Distributed scraping with Apache Kafka in 2026

Distributed scraping with Apache Kafka in 2026

Distributed scraping with Apache Kafka is what you reach for when a single Scrapy process or single-machine Playwright cluster cannot keep up with your URL volume. Kafka excels at moving high-volume work between producers (URL discovery, sitemap crawlers) and consumers (scraper workers) with durable messaging, partitioning for parallelism, and built-in retry semantics. By 2026 Kafka 3.x is mature enough that running it in production for scraping pipelines is standard practice, especially for teams already operating Kafka for other data flows.

This guide covers Kafka topic design for scraping pipelines, partition strategies that keep scrapers fed, dead letter queue patterns for failed URLs, exactly-once semantics for deduplicated processing, and a complete working Python implementation using confluent-kafka. The benchmarks reflect production deployments handling 10-50 million URLs per day.

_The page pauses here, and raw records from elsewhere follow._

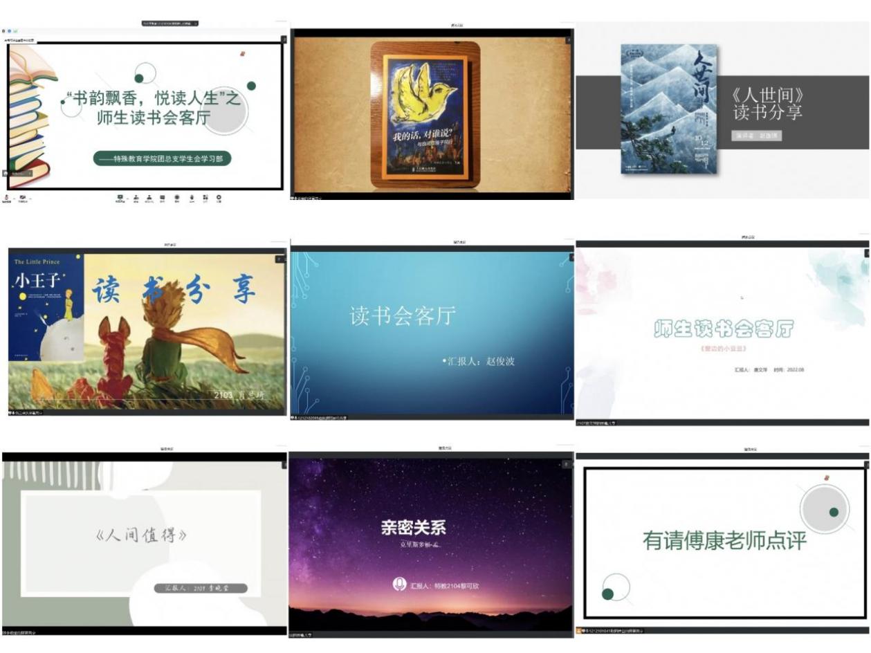 活动初始,主持人欧阳梓萱向参赛选手们介绍了本次活动的规则和汇报的注意事项。首先上台汇报的是徐楠同学,她分享的书籍是《我的话,对谁说?与自闭症孩子同行》。书中通过几个自闭症儿童家庭的故事,从他们的家长的独特视角出发,以真切易懂的语言向读者展现了自闭症儿童的治疗过程、成长过程。她分析了五位自闭症儿童的母亲们的想法,同时站在自己所学的特殊教育专业角度思考和呼吁:我们幸运地成为健全的人,但也要像书中的自闭症孩子的母亲们一样乐观,常怀希望,未来用自己的所学所悟更多地帮助特殊儿童。然后是赵珈琪同学的《人世间》,她向我们分享了自己的读书感悟:知识、观念见识可以改变命运,个人命运与时代和国家的命运紧紧相连,我们要不断学习,与时俱进,提升自我以应对外环境的变化,并让自己更好地得到长足发展;接着,是肖兰琦同学推荐的《小王子》一书,她介绍到自己出于童趣性、艺术性、可读性和哲理性向大家分享了此书,并向大家讲述了自己对生死、本真和驯服三种特质的见解,令人印象深刻。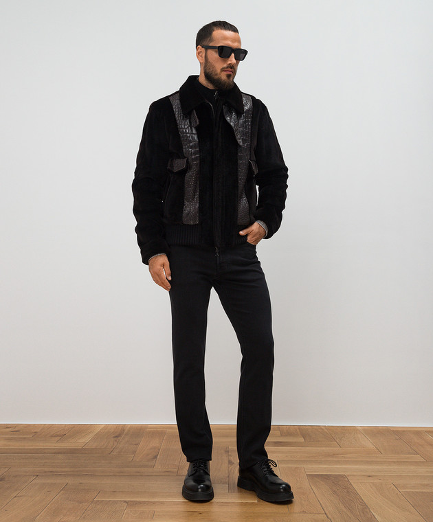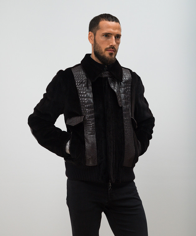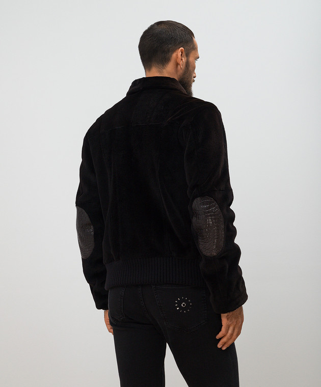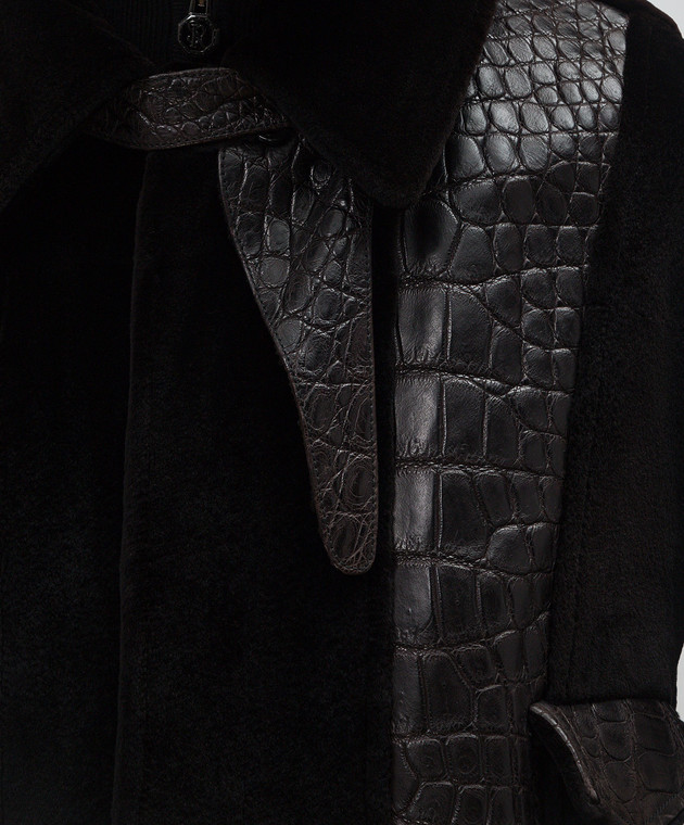 Коричневая комбинированная куртка из меха норки и кожи крокодила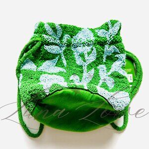 NWT! KATE SPADE New York x Target Beaded Classic Rose Drawstring Bucket In Green. Elevate your style with this stunning collaboration between kate spade new york and Target. This green and blue bucket and drawstring bag is perfect for any occasion, whether you're running errands or going out for a night on the town. There might be some beads missing throughout the bag, but this is a given for beaded bags. There are not huge areas that are missing large patches.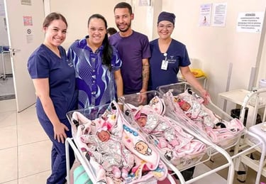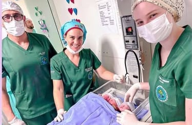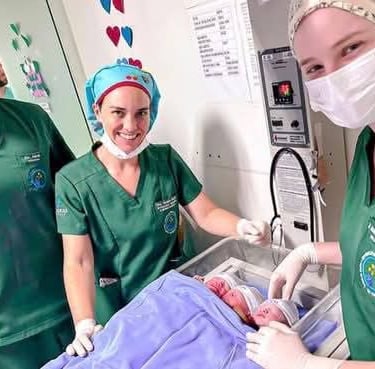 O procedimento ocorreu no centro cirúrgico com o suporte de uma equipe multidisciplinar formada por cerca de 15 profissionais, entre técnicos em enfermagem, enfermeiros, médicos pediatras, residentes e a ginecologista e obstetra Dra. Samanta Saggin. A cirurgia transcorreu com segurança, garantindo um desfecho positivo para a mãe e as bebês.
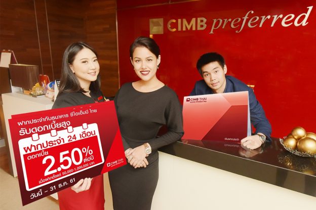 เงินฝาก CIMB Thai 24 เดือน ดอกเบี้ย 2.5% ต่อปี สูงที่สุดในตลาด !!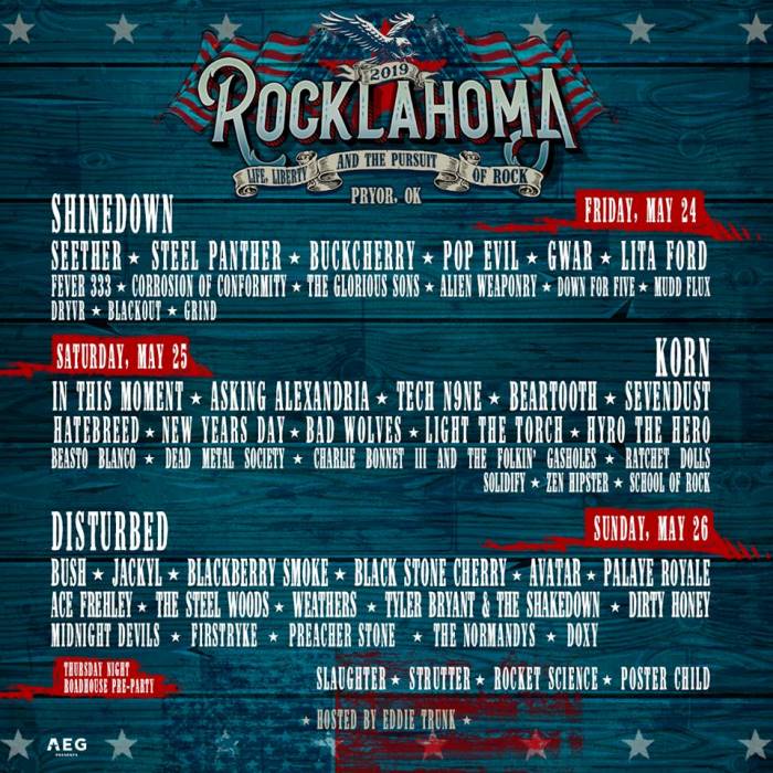 The daily set times for this year’s Rocklahoma festival are now available. The event is scheduled to begin next Thursday, May 23rd with a pre-party, running through Sunday, May 26th. It will be held at Pryor Creek Music Festival Grounds in Pryor, OK. Tickets and additional information can be found at Rocklahoma.com.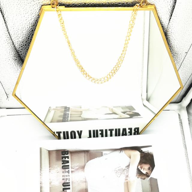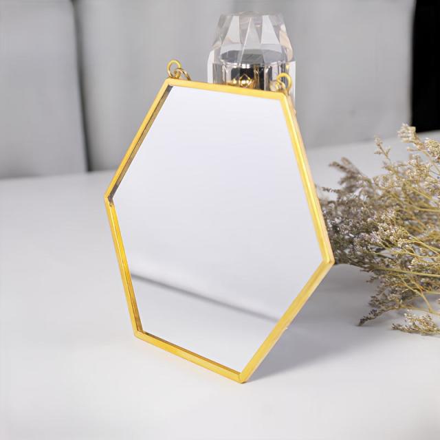 枠に合わせたゴールドのチェーン付で、フックなどに掛けるだけで簡単に設置できます。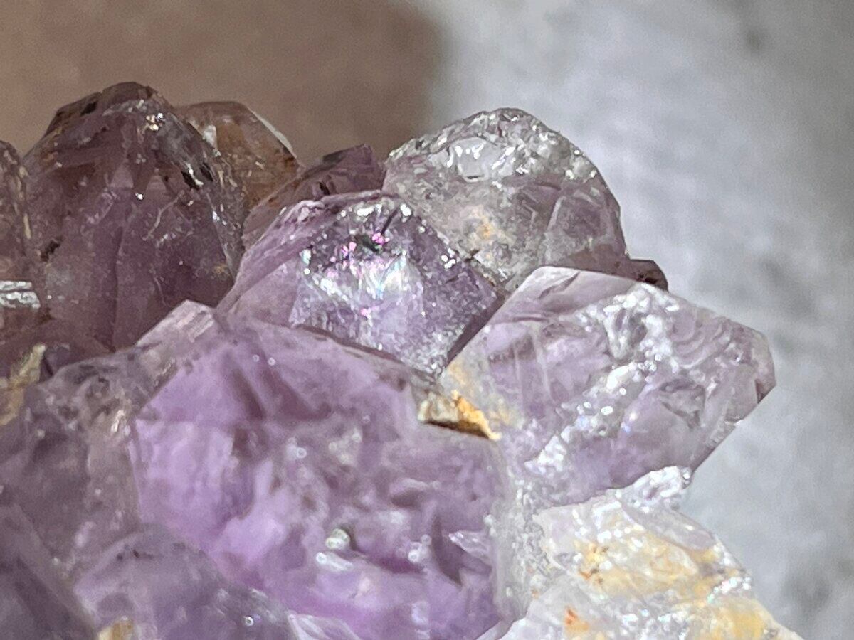 ゲーサイトはアメジストとして成長する段階で内包されますので表面に付くわけではなく原石の内側に存在します。全てのアメジストに内包するものではなく

By the end you will know how to architect a Kafka-backed scraping pipeline that scales horizontally and survives operational chaos.

When Kafka fits scraping

Kafka shines when:

  • You have multiple URL sources (sitemaps, APIs, customer uploads, periodic crawls) feeding scrapers
  • Scraper workers run on different machines and you want to balance load
  • You need to retry failed URLs without losing them
  • You want to fan out the same URLs to multiple downstream processors (HTML store, ML extraction, analytics)
  • You operate other Kafka pipelines and want consistency
  • You need exactly-once processing semantics

Kafka does not fit when:

  • You have low volume (under 1M URLs/day, simpler queues like Redis or SQS suffice)
  • You operate one scraping job at a time (no need for the multi-producer/multi-consumer architecture)
  • Your team has no Kafka operational experience
  • You need request/response semantics (Kafka is one-way; for scraper status, use a separate sync API)

For most mid-volume scraping, simpler queues work. Kafka pays off above several million URLs per day or when fanout to multiple consumers is required.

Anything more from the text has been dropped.